WHAT TO WORK ON -> A verbatim restatement of the data, free of pictures, is what you should output.

RAW DATA ->
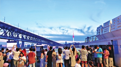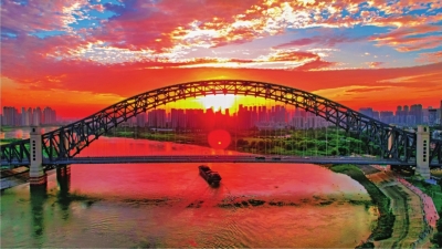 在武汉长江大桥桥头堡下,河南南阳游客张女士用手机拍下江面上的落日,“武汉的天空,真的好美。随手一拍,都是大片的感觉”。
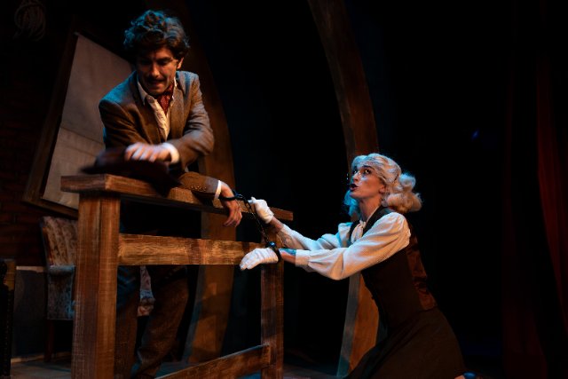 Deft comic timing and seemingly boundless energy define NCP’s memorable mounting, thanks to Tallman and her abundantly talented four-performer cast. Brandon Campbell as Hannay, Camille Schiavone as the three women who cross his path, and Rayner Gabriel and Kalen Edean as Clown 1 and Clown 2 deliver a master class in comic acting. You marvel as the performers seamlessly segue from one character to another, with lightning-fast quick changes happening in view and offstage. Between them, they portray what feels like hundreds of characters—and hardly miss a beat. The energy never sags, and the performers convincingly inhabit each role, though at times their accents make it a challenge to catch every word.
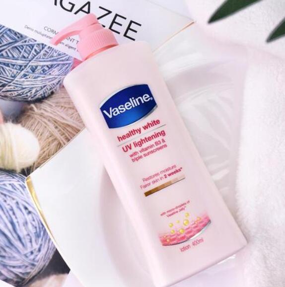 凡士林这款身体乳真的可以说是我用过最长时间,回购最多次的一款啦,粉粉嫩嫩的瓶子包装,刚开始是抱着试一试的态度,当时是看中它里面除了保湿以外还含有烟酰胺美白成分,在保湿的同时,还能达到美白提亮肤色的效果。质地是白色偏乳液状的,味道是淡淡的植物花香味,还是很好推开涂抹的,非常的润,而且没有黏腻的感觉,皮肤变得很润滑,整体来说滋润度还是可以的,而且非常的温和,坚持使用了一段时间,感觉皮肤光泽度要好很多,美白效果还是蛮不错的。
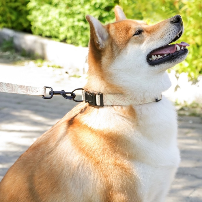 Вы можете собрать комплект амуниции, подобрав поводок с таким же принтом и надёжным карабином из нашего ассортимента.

WRITTEN RESPONSE ->
 在武汉长江大桥桥头堡下,河南南阳游客张女士用手机拍下江面上的落日,“武汉的天空,真的好美。随手一拍,都是大片的感觉”。
 Deft comic timing and seemingly boundless energy define NCP’s memorable mounting, thanks to Tallman and her abundantly talented four-performer cast. Brandon Campbell as Hannay, Camille Schiavone as the three women who cross his path, and Rayner Gabriel and Kalen Edean as Clown 1 and Clown 2 deliver a master class in comic acting. You marvel as the performers seamlessly segue from one character to another, with lightning-fast quick changes happening in view and offstage. Between them, they portray what feels like hundreds of characters—and hardly miss a beat. The energy never sags, and the performers convincingly inhabit each role, though at times their accents make it a challenge to catch every word.
 凡士林这款身体乳真的可以说是我用过最长时间,回购最多次的一款啦,粉粉嫩嫩的瓶子包装,刚开始是抱着试一试的态度,当时是看中它里面除了保湿以外还含有烟酰胺美白成分,在保湿的同时,还能达到美白提亮肤色的效果。质地是白色偏乳液状的,味道是淡淡的植物花香味,还是很好推开涂抹的,非常的润,而且没有黏腻的感觉,皮肤变得很润滑,整体来说滋润度还是可以的,而且非常的温和,坚持使用了一段时间,感觉皮肤光泽度要好很多,美白效果还是蛮不错的。
 Вы можете собрать комплект амуниции, подобрав поводок с таким же принтом и надёжным карабином из нашего ассортимента.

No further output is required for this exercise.